### THE TASK
When you reproduce the data, keep every word exactly as it stands and leave the pictures out.

### DATASET EXTRACT
──────────────────────────────

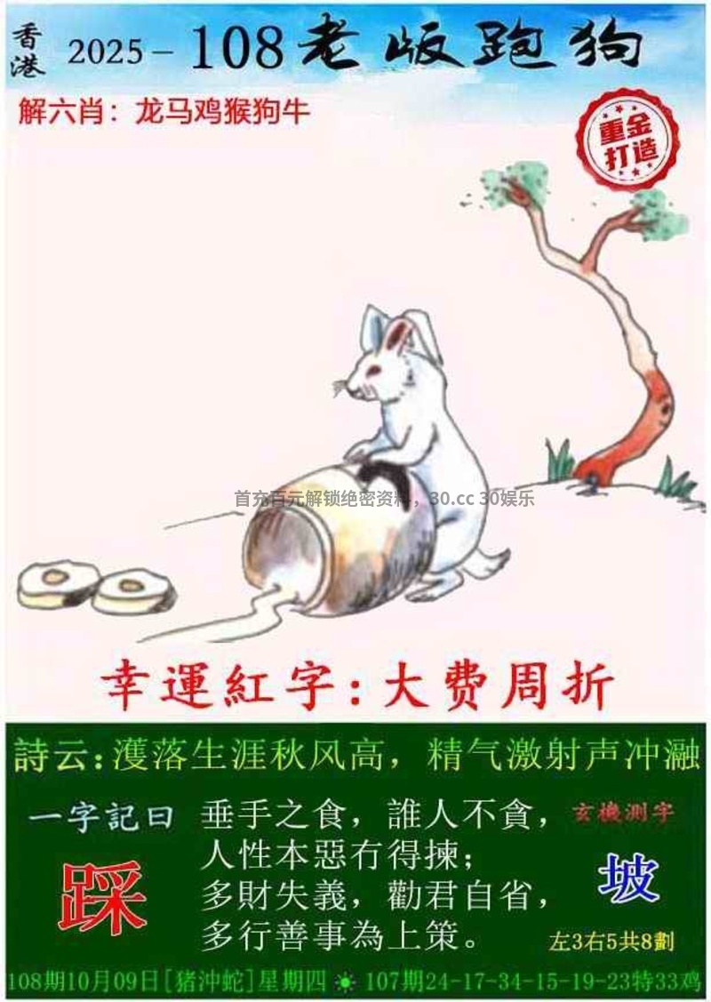 108期:吉凶两肖@凶丑+马鸡@开:猪07准 |
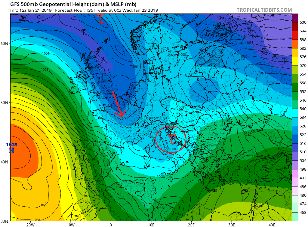 Ένας από τους κυριότερους λόγους αυτής της παρατεταμένης κακοκαιρίας είναι η μετατόπιση του Αζορικού αντικυκλώνα ο οποίος θα μεταφέρει ψυχρές αέριες μάζες σε αρκετά σημεία της βορειοδυτικής – βόρειας και κεντρικής Ευρώπης αλλά και θα έχει και τις προδιαγραφές να δημιουργεί συνεχόμενα βαρομετρικά χαμηλά στην κεντρική Μεσόγειο, ικανά να παρατείνουν το διάστημα των βροχοπτώσεων έως και το τέλος του Ιανουαρίου με αρχές Φεβρουαρίου.
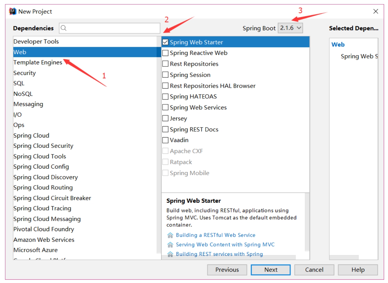 选择【Spring Boot Version】,这里按默认版本(本书使用的Spring Boot版本为2.1.6)即可。勾选【web】→【Spring Web Starter】选项,然后单击【Next】按钮,如图1-8所示。
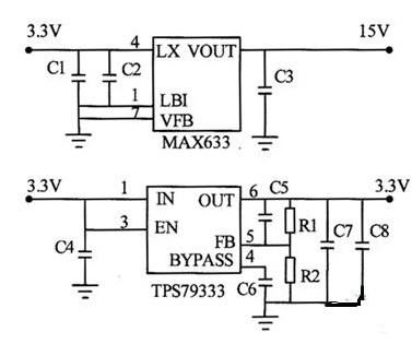 LQ035Q7D面板顯示需要15V的高壓,而LQ035Q7D的邏輯電平需要3.3V電源。圖3實(shí)現(xiàn)從3.3V轉(zhuǎn)換到15V和3.3V的電源原理。其中3.3V到3.3V使用TI公司的TPS79333,是為了保證輸出到LCD的3.3V穩(wěn)定可靠,如果TPS79333的輸入3.3V足夠穩(wěn)定,滿足LQ035Q7D的要求,也可以直接將該電源連接到LCD。

──────────────────────────────

### SOLUTION
 108期:吉凶两肖@凶丑+马鸡@开:猪07准 |
 Ένας από τους κυριότερους λόγους αυτής της παρατεταμένης κακοκαιρίας είναι η μετατόπιση του Αζορικού αντικυκλώνα ο οποίος θα μεταφέρει ψυχρές αέριες μάζες σε αρκετά σημεία της βορειοδυτικής – βόρειας και κεντρικής Ευρώπης αλλά και θα έχει και τις προδιαγραφές να δημιουργεί συνεχόμενα βαρομετρικά χαμηλά στην κεντρική Μεσόγειο, ικανά να παρατείνουν το διάστημα των βροχοπτώσεων έως και το τέλος του Ιανουαρίου με αρχές Φεβρουαρίου.
 选择【Spring Boot Version】,这里按默认版本(本书使用的Spring Boot版本为2.1.6)即可。勾选【web】→【Spring Web Starter】选项,然后单击【Next】按钮,如图1-8所示。
 LQ035Q7D面板顯示需要15V的高壓,而LQ035Q7D的邏輯電平需要3.3V電源。圖3實(shí)現(xiàn)從3.3V轉(zhuǎn)換到15V和3.3V的電源原理。其中3.3V到3.3V使用TI公司的TPS79333,是為了保證輸出到LCD的3.3V穩(wěn)定可靠,如果TPS79333的輸入3.3V足夠穩(wěn)定,滿足LQ035Q7D的要求,也可以直接將該電源連接到LCD。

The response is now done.